L'administration de Donald Trump a annoncé qu'elle étudiait des options pour acquérir le Groenland, tout en revendiquant simultanément un accord pour vendre des millions de barils de pétrole vénézuélien, marquant le cinquième anniversaire de l'attaque du Capitole du 6 janvier. La secrétaire de presse de la Maison Blanche, Karoline Leavitt, a confirmé que les discussions concernant l'acquisition du Groenland incluaient une éventuelle implication militaire.
L'annonce concernant le pétrole vénézuélien porte sur une vente prévue entre 1,8 et 3 milliards de barils, provenant du Venezuela sous l'autorité de dirigeants intérimaires qui, selon les informations, coopèrent avec l'administration Trump. Cette évolution concrétise une aspiration de longue date du président Trump, qui a publiquement plaidé pour l'utilisation de l'armée américaine afin d'extraire des ressources pétrolières des nations après une intervention militaire.
Le Premier ministre canadien, Mark Carney, a rencontré la Première ministre danoise, Mette Frederiksen, pour souligner que la décision concernant l'avenir du Groenland et du Danemark appartient uniquement aux peuples du Danemark et du Groenland.
Le sénateur Ruben Gallego (D-AZ), ancien marine et vétéran de la guerre d'Irak, a condamné la perspective d'une éventuelle invasion du Groenland comme étant "INSENSÉE" et a exhorté le Congrès à intervenir et à bloquer toute action de ce type.

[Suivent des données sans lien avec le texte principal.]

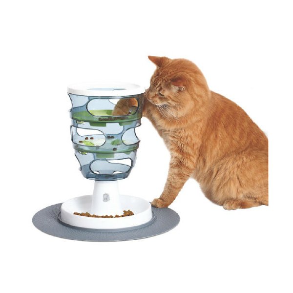 Labirynt na przysmaki to inteligentny sposób na podawanie smakołyków lub karmy Twojemu kotu. Kot przesuwa karmę lub przysmaki przez labirynt wkładając łapki przez okienka do momentu aż wypadną do miseczki na dole labiryntu. Labirynt oddziałuje na zmysł dotyku oraz smaku a jednocześnie stymuluje inteligencję i zapewnia kotu odrobinę ruchu podczas jedzenia. Sprawiając aby kot popracował na swoją karmę lub monitorując ilość karmy w labiryncie możemy wykorzystać go jako cenne narzędzie w walce z nadmiernym przejadaniem się lub otyłością u kotów. Labirynt oferuje płynną regulację dla różnych poziomów trudności aby stanowić odpowiednie wyzwanie dla twojego kota

La présidente vénézuélienne par intérim, Delcy Rodríguez, a adopté une position plus conflictuelle à l'égard des États-Unis.

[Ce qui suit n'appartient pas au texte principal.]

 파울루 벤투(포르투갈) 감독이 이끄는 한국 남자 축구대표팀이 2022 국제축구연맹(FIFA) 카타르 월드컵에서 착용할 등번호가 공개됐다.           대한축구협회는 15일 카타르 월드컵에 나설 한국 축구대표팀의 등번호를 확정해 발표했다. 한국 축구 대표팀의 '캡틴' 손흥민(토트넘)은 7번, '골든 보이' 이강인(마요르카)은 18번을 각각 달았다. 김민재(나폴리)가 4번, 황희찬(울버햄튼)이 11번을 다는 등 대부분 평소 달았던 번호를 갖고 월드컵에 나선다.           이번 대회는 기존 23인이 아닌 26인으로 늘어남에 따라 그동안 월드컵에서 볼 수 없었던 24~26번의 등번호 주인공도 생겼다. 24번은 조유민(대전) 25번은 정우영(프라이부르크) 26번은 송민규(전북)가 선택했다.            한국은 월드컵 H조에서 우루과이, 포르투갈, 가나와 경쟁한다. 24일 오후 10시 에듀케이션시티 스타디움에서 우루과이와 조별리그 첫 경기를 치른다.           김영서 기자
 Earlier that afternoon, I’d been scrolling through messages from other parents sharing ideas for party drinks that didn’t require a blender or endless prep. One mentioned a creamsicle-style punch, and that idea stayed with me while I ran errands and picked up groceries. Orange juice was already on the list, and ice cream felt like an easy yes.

L'acquisition potentielle du Groenland soulève des considérations géopolitiques et économiques complexes. Le Groenland, territoire autonome au sein du Royaume du Danemark, possède une importance stratégique significative en raison de sa situation géographique et de ses potentielles ressources naturelles. Toute tentative des États-Unis d'acquérir le territoire se heurterait probablement à une forte opposition du Danemark et potentiellement d'autres acteurs internationaux.
La proposition de vente de pétrole vénézuélien soulève des questions quant à la légitimité et à la stabilité de l'accord, compte tenu des troubles politiques et économiques persistants au Venezuela. L'impact de cet accord sur les marchés pétroliers mondiaux et ses potentielles ramifications pour les sanctions américaines existantes contre le Venezuela restent incertains.